Ridgeway stated that he “continuously informed Defendant Henderson” of the problem, and that Henderson repeatedly told Ridgeway that he would submit a work order to have the toilet fixed. He also informed Guyton of the issue on November 10, 2011. Henderson did eventually submit a work order on November 15, 2011. Notably, Ridgeway never alleged that he told Henderson and Guyton that he was being exposed to dangerous and unhealthy conditions, just that “[p]laintiff continuously informed Defendant Henderson ․ of the problem since the third week of October.” Dist. Ct. Dkt. # 3 at 4. We also must conclude therefore that Ridgeway's allegations did not plausibly suggest conduct meeting the deliberate indifference standard.4
We will summarily affirm the District Court's judgment.

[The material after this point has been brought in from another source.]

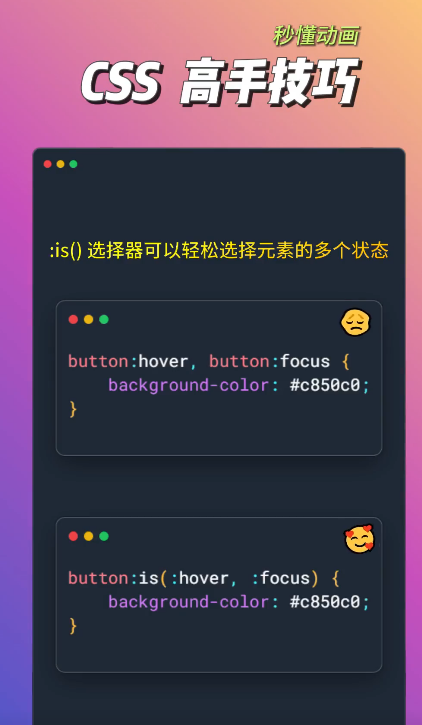 :where() 和 :is() 的不同之处在于,:where() 的优先级总是为 0 ,但是 :is() 的优先级是由它的选择器列表中优先级最高的选择器决定的。

1. The parties consented to have the case heard by a magistrate judge, pursuant to 28 U.S.C. § 636(c)(1).
2. Ridgeway has alleged that family photos, letters, three legal briefs, and commissary items were destroyed. In the District Court, he brought a due process claim related to this lost property. He did not brief that claim on appeal, however, and we deem that claim waived. See Timson v. Sampson, 518 F.3d 870, 874 (3d Cir. 2008) (per curiam). He did not allege an “access to the courts” claim based on the lost legal briefs.

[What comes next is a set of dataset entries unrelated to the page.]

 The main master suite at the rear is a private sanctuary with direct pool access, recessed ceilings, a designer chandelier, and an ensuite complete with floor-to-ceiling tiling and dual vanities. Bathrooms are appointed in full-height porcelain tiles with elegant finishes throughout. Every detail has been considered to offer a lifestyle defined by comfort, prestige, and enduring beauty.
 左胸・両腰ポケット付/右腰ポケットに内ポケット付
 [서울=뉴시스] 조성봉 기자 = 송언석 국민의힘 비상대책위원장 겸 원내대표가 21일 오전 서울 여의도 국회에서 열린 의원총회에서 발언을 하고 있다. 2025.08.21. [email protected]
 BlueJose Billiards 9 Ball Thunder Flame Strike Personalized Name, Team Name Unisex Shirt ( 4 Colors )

3. The District Court denied reconsideration in an order entered after he filed his notice of appeal. Because he did not file an amended notice of appeal, we lack jurisdiction over that order. See Fed. R. App. P. 4(a)(4)(B)(ii); Carrascosa v. McGuire, 520 F.3d 249, 253-54 (3d Cir. 2008).
4. Under the circumstances of the case, Ridgeway did not need to be given leave to amend. See Grayson v. Mayview State Hosp., 293 F.3d 103, 111 (3d Cir. 2002).